The Roy Petty Show also called Hora Legal con el Abogado Roy Petty is a Spanish language television and radio show which first aired in Texas, Oklahoma, Arkansas, and Mexico on TeleAmerica television in November 1999. The show was created by the Hispanic community leader Luis de la Garza to follow his Foro 44 program. The show moved to Univision in November 2002; and it changed to a radio format in May 2012 when it began airing on Univision America radio. It also is broadcast on KTNO radio Dallas. The program is hosted by Texas Immigration Attorney Roy Petty and since June 2010 has been cohosted by Univision television personality Reyna Cavasos.

Premise
This series is a lively and informative talk show which features Texas Immigration Lawyer Roy Petty who answers caller questions about legal matters, principally immigration and consumer advocacy. The show's "Scams Exposed!" segment has led to judgments and criminal prosecutions against con artists who have defrauded immigrants. In March 2005, the show exposed a multimillion-dollar document fraud scam orchestrated by an undocumented Mexican Fidelina Cuevas. In 2013, the Roy Petty Show exposed fraud which led to a civil fraud judgment against Mundo Latino of Dallas and Cecilia McDaniel. As a result of the investigation, Mundo Latino filed for bankruptcy and shut down.

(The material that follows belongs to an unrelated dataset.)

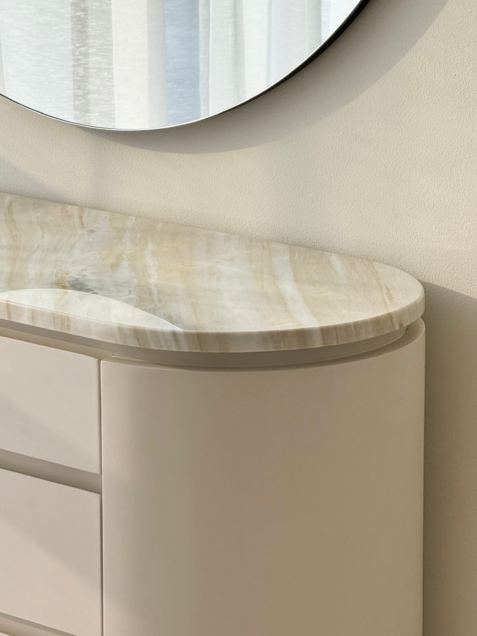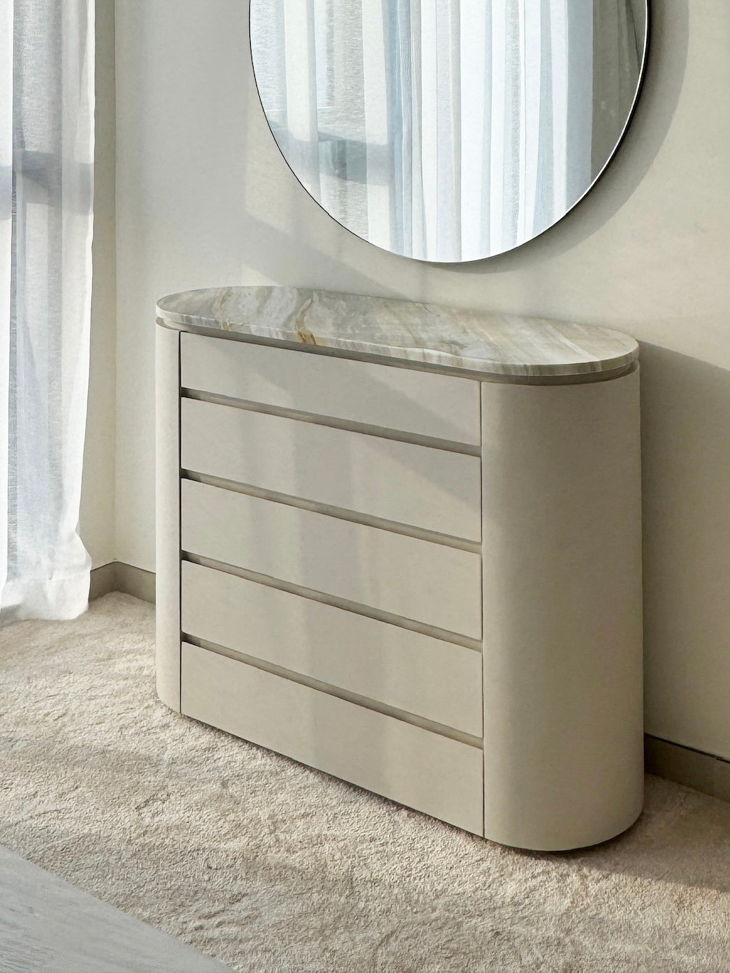 The Alena Ajax Gold Marble Chest of Drawers seamlessly blends elegance with contemporary design. Featuring rounded ends on either side, this piece boasts a semi-circular, crescent-like shape that softens its overall appearance. The luxurious Ajax Gold Marble top adds a touch of sophistication, making it a visually striking and refined addition to any space.

In April 2006, the Show organised undocumented youths to march for passage of the DREAM Act and to demonstrate in front of the Earle Cabell Federal Building and Courthouse. In September 2008, Roy Petty won a court judgment overturning the prohibition on granting citizenship to immigrants with recent DWI convictions. In April 2012, the Show urged listeners to call the White House to demand work permits for undocumented youth as a response to the failed passage of the DREAM Act. On 15 June 2012, the Obama Administration announced the creation of DACA, formally called the Deferred Action for Childhood Arrivals program.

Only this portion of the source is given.